Other examples of task level parallelism include parametric search in which an algorithm is applied to a single or small number of data sets many times (n > 1000) with different parameter settings.

Task 2: Focus on optimizing the current ITK inner-loops and threading model for CPU architectures and compilers deployed as compute grid nodes. Work with computer science collaborators to identify bottlenecks that can benefit from machine-level code optimizations to accommodate issues such as cache size, special instruction sets, and memory bandwidth hierarchies in the context of a heterogeneous compute grid environment.

Cache size varies from CPU model to CPU model and can have a tremendous impact upon performance.
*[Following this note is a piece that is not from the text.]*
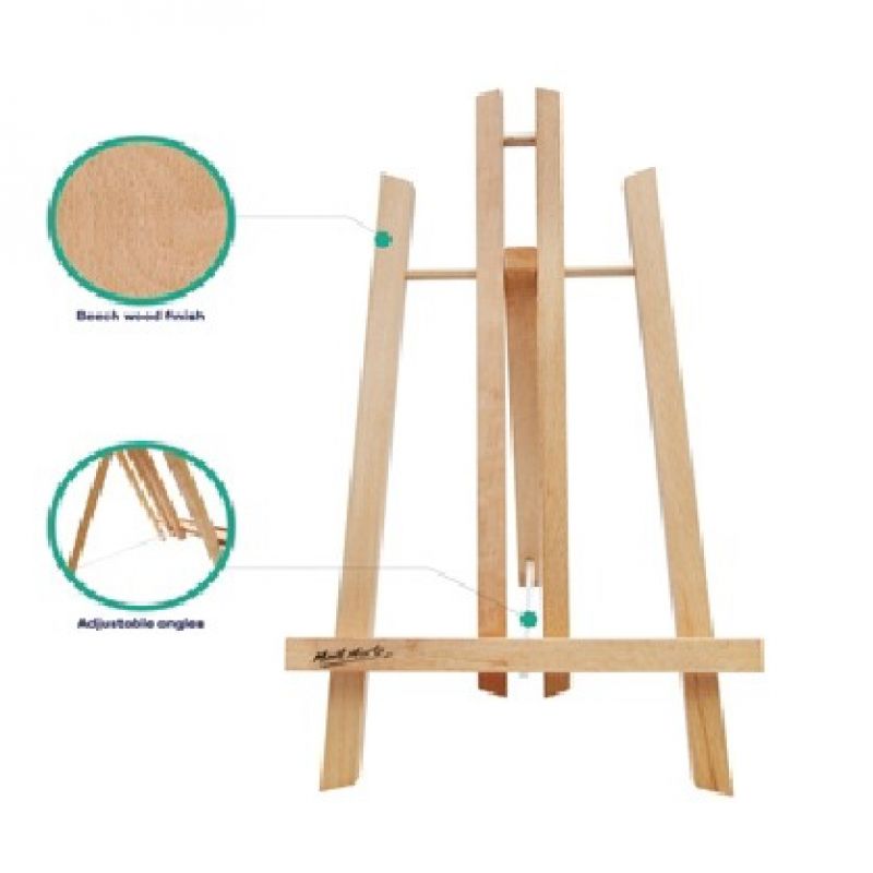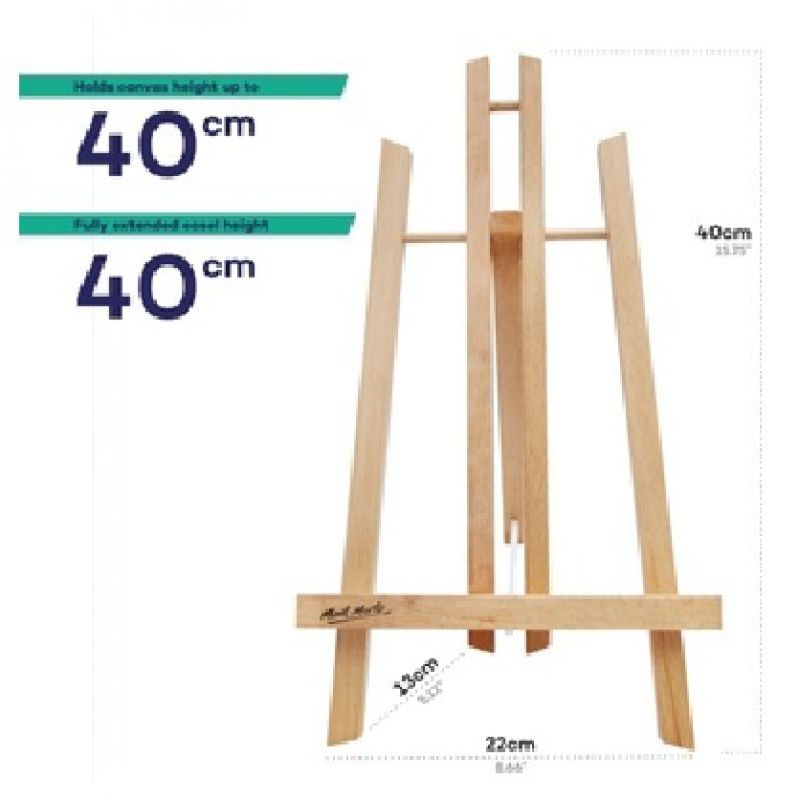 Transform your artwork with Mont Marte Table Top Display Easel Medium for showcasing your artwork or framing your canvas. This compact and strong wooden easel is designed to sit securely on any flat floor, making it an easy-to-set-up easel or canvas exhibition space. It's a remarkable choice for artists who opt to work at a table as well as an ample space to display your finished art project. The adjustable ledge is 40 cm in height, and its compact design makes it smooth to store and deliver. Crafted with quality, this desk easel is both an aesthetic and fashionable addition to your art projects, offering a strong platform for all levels of artists

Also, utilization of vector instruction sets such as SSE, and scheduling and branch prediction must be carefully optimized for the specific CPU model, instruction cache size, data cache size and scheduling pipeline for best performance. Compilers, such as GCC or the Intel compiler, can generate optimized code that outperforms hand-tuned code. Our intention is to investigate the potential for performance gains on certain platforms through the generation of cache-optimized, instruction-set optimized, scheduler optimized binaries. We will also test the accuracy and precision of highly optimized code to ensure correct results are obtained.

We also want to optimize and accelerate specific algorithms, such as STAPLE. We think that at this stage, performance boosts can come from optimized thread parallel implementations of key algorithms and inner loops.
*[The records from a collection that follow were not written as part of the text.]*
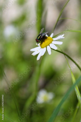 Obraz premium black fly sitting on chamomile flower
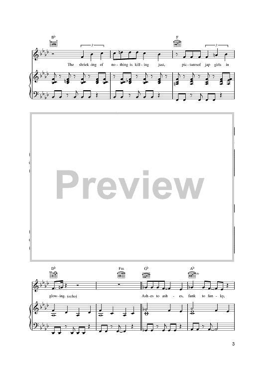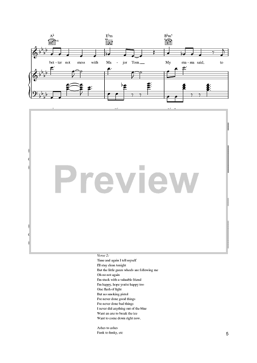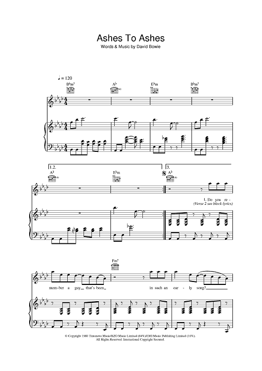 Digital Sheet Music for Ashes To Ashes by David Bowie scored for Piano/Vocal/Chords; id:393461
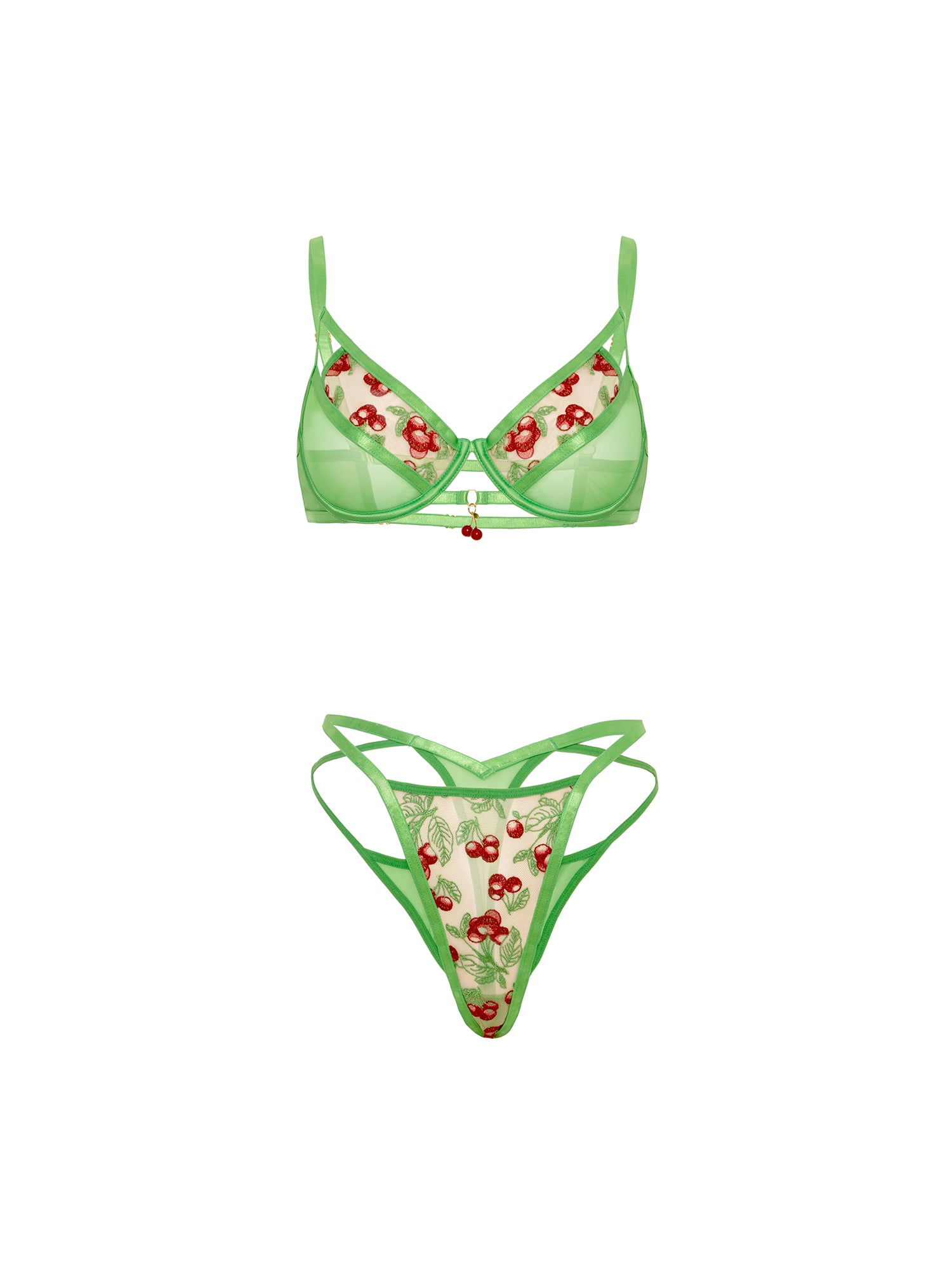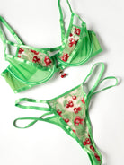 Slip into something made for warm nights and playful moments. The Cheri Embroidered Bra Set brings a flirty twist to sheer bra and panty sets, pairing delicate cherry embroidery with airy mesh and strappy details with a sweet cherry charm. Designed to feel light against the skin, this bra and thong set offers a softly romantic look with just enough attitude, blending flirty details with an effortlessly sexy finish.

Task 3: Integrate message passing parallelism using the globus compatible MPI implementations (mpich-g2 or its successors) first to distribute ITK processing pipelines to among grid processing nodes and second to break individual algorithms across nodes.

The grid protocols have been undergoing tremendous change recently. There is no clear preferred protocol for distributing ITK processing pipelines among grid processing nodes at this time. Scheduling and access across Teragrid nodes has also been evolving. Some Teragrid sites are using tools such as PBS for managing jobs. We will focus our efforts on utilizing the protocols which are most stable and provide for the most significant benefits for the effort invested.
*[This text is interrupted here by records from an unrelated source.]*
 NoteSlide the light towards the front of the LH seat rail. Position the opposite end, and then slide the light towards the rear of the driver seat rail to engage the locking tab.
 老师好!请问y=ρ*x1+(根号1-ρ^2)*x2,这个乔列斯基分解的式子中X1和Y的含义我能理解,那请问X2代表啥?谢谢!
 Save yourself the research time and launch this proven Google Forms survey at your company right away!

Task 4: Ongoing support of ITK grid tools at the task, threading, and message passing layers. Review of any newly developed grid middleware emerging during the project period and rework of ITK architecture to accommodate same.

In our initial effort we used Image Guided Neurosurgery as the clinical application driver, and optimized algorithms and performance especially suited for this application. This application requirements range from the need for highly optimized special instruction set inner loops and thread parallel execution for specific algorithms, such as intrasubject registration, to task level parallelism inherent in the statistical atlas construction that underlies robust segmentation methods. This also leverages our NSF funded ITR 0426558 A Novel Grid Architecture Integrating Real-Time Data and Intervention During Image Guided Therapy which provides active collaboration with Teragrid sites and access to expertise in the evolving grid protocols. We intend to maintain these application specific optimizations as ITK evolves, while adding new application drivers that ensure the changes we make are relevant and will have significant clinical impact.

Compute platforms

We would like to get feedback about the compute platforms used in the ITK community. In particular, we would like to know what effort on which hardware platforms would have the largest impact on the community.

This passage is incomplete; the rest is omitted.